Neuropsychological scores beyond a standard deviation of ±3.0 were curtailed to values of +3.0 or −3.0 (depending on the direction), enabling a consistent range across variables as previously described (Naismith et al. 2002; Hermens et al. 2011). Partial correlation analysis examined the relationship between cortical thickness and either z-scores of neurocognitive performance or duration of illness covarying for years of education and gender. Spearman's rho correlation analysis examined the non-parametric distributions of the z-scores for the PAL and IED tests. The correlation analysis examined five groups: the BP1, BP2, BSD and psychosis groups to highlight diagnosis-specific neurocognitive deficits, and all subjects within the psychosis and bipolar groups collectively to highlight shared neurocognitive deficits.

Demographic and clinical scores

Comparisons of demographic details between psychosis, bipolar and control groups revealed no significant difference in handedness, predicted IQ or intracranial volume (Table 3). The bipolar group was significantly younger (mean 21.9 years ± SD 3.6) than the control group (24.2 ± 2.7; F(2,159) = 7.31, p < 0.001), and the control group had more years of education (14.6 ± 2.1) than either the psychosis (12.6 ± 2.5) or bipolar groups (12.8 ± 2.1; F(2,159) = 12.61, p < 0.001).

Comparisons of clinical symptomology revealed differences between psychosis and bipolar groups (Table 3). The age of onset of the bipolar group (14.9 ± 3.5) was significantly less than that of the psychosis group (17.7 ± 4.3; t(111) = −3.81, p < 0.001), though the duration of illness between groups did not significantly differ (psychosis group 5.8 ± 3.5 years; bipolar group 7.1 ± 3.9 years; t(111) = 1.67, p = 0.097). While the patient groups did not significantly differ in clinical symptom severity (i.e. mean BPRS total score), compared to the bipolar group, the psychosis group indicated worse positive symptoms (respectively 11.1 ± 3.6; 13.8 ± 4.9; t(62) = −3.05, p = 0.003), negative symptoms (6.7 ± 2.3; 8.8 ± 3.7; t(56) = −3.14, p = 0.003) and disorientation (2.2 ± 0.7; 2.6 ± 1.2; t(53) = −2.02, p = 0.049). The YMRS total score indicated that the bipolar group reported a significantly worse manic symptom rating (11.8 ± 16.0) compared to the psychosis group (3.8 ± 8.1; t(102) = 3.66, p < 0.001).

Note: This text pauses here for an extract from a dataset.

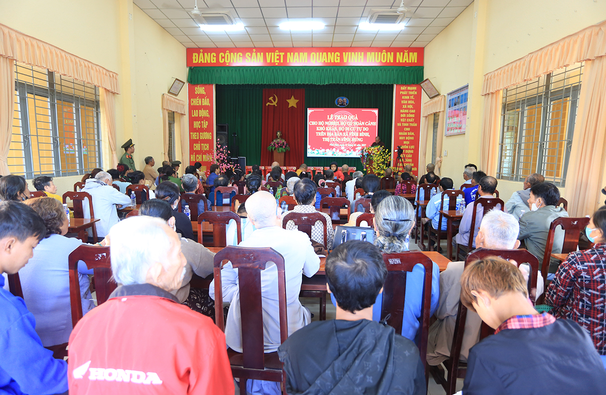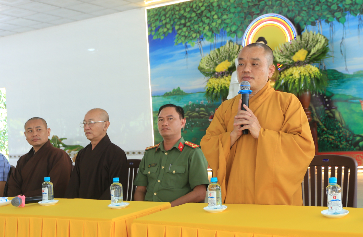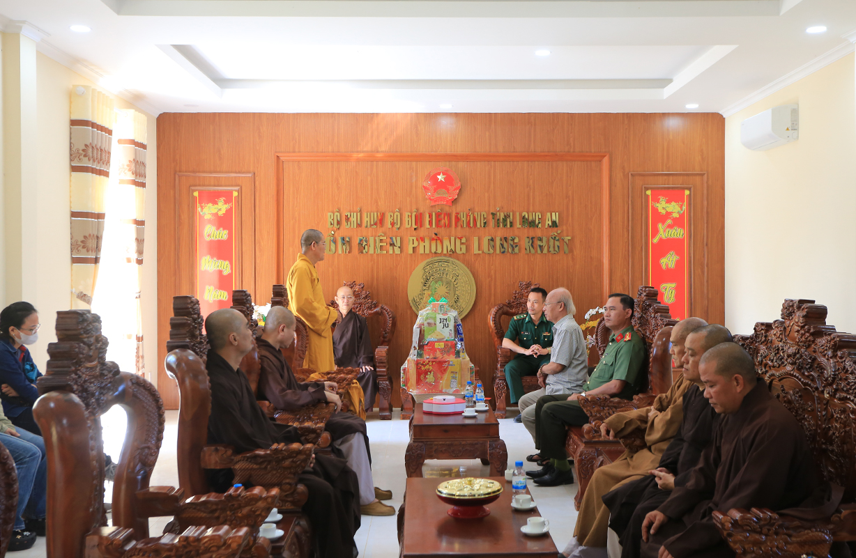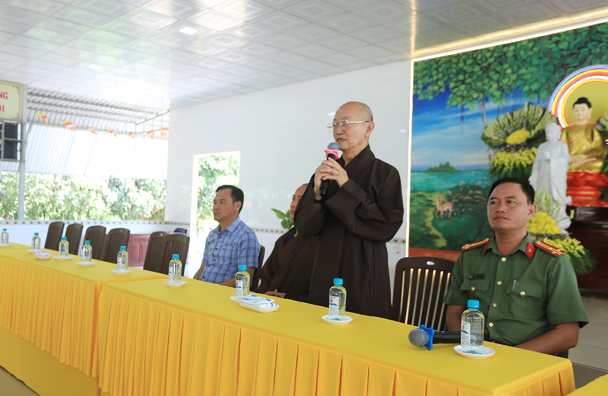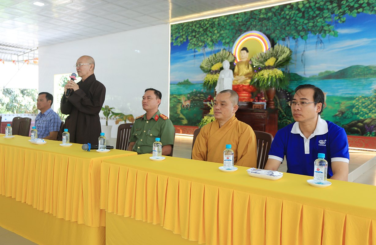 Tại buổi lễ trao quà TT. Thích An Khang – UVTT BTS GHPGVN tỉnh, Trưởng BTS GHPGVN huyện Vĩnh Hưng có lời phát biểu chào mừng. Thượng toạ tri ân sự quan tâm chỉ đạo của Thường trực BTS Phật giáo tỉnh, chính quyền địa phương huyện Vĩnh Hưng, xã Vĩnh Bình, cũng như tri ân đến phái đoàn bác sĩ từ TP.HCM đã mang những món quà xuân đến bà con vùng sâu vùng xa. Hành động thiết thực này của phái đoàn tài trợ đã thể hiện tinh thần tương thân tương ái của dân tộc, đồng thời tô đậm thêm tinh thần “Đạo pháp – Dân tộc” của đạo Phật. Thượng toạ chia sẻ, những phần quà Xuân này sẽ giúp bà con vơi bớt khó khăn, là động lực để bà con sớm hoà nhập với cộng đồng.

In a follow-up analysis, the demographics and symptomology of subjects with BP1, BP2 or BSD were compared against those of control subjects (Table S1 in Additional file 1). Subjects with BP1 were younger than controls (respectively 21.5 ± 3.0; 24.2 ± 2.7; F(3,118) = 6.51, p < 0.001). Controls had more years of education (14.6 ± 2.1 years) than BP1 (12.4 ± 1.9) or BSD (12.3 ± 2.0; F(2,70) = 9.44, p < 0.001). Subjects with BSD had an earlier age of onset of illness (12.9 ± 3.2) than BP1 (16.3 ± 3.2) or BP2 (15.4 ± 3.2; F(2,70) = 6.98, p < 0.002). BP1 had a shorter duration of illness (16.3 ± 3.2 years) than BP2 (15.4 ± 3.2) or BSD (12.9 ± 3.2). Clinical symptomology was similar between groups with the exception of YMRS which indicated that subjects with BP1 had more severe mania symptoms (18.8 ± 20.1) than BSD (7.0 ± 12.0; F(2,70) = 3.36, p < 0.041).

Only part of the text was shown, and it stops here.